Guerra comercial EUA-China

Comércio externo chinês contrai face a disputas comerciais com EUA

Trump Xi China
Donald Trump, presidente dos Estados Unidos, e Xi Jinping, presidente da China. Foto: Reuters

As exportações da China registaram uma queda homóloga de 0,9%, para 212,9 mil milhões de dólares (192,6 mil milhões de euros).

O comércio externo da China contraiu 0,5%, em outubro, em termos homólogos, segundo dados oficiais hoje divulgados, refletindo o impacto da prolongada guerra comercial entre Pequim e Washington.

No conjunto, as exportações da China registaram uma queda homóloga de 0,9%, para 212,9 mil milhões de dólares (192,6 mil milhões de euros).
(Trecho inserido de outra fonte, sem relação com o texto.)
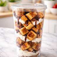 Delicioso y esponjoso waffle completo de vainilla en trozos y con tus toppings favoritos por capas liso para compartir

As importações caíram 6,4%, para 170,1 mil milhões de dólares (153,9 mil milhões de euros).

Para os Estados Unidos, as exportações chinesas caíram 16,2%, em termos homólogos, para 35,8 mil milhões de dólares (32,3 mil milhões de euros), enquanto as importações chinesas de bens norte-americanos recuaram 14,3%, para 9,4 mil milhões (8,5 mil milhões de euros).

Os governos dos dois países impuseram já taxas alfandegárias sobre centenas de milhares de milhões de euros de bens importados um do outro, numa guerra comercial que começou no verão do ano passado.

O Presidente norte-americano, Donald Trump, anunciou um acordo provisório, em 12 de outubro passado, e suspendeu nova ronda de taxas alfandegárias adicionais sobre bens chineses.

Na quinta-feira, o ministério chinês do Comércio revelou ter concordado com os Estados Unidos reduzir “progressivamente” as taxas alfandegárias adicionais sobre bens importados um do outro, à medida que os dois países avançarem nas negociações por um acordo comercial.

Em causa estão os planos de Pequim para o setor tecnológico, que visam transformar as firmas estatais do país em importantes atores globais em setores de alto valor agregado, como inteligência artificial, energia renovável, robótica e carros elétricos.

Os EUA consideraram que aqueles planos, impulsionados pelo Estado chinês, violam os compromissos da China em abrir o seu mercado, nomeadamente ao forçar empresas estrangeiras a transferirem tecnologia e ao atribuir subsídios às empresas domésticas, enquanto as protege da competição externa.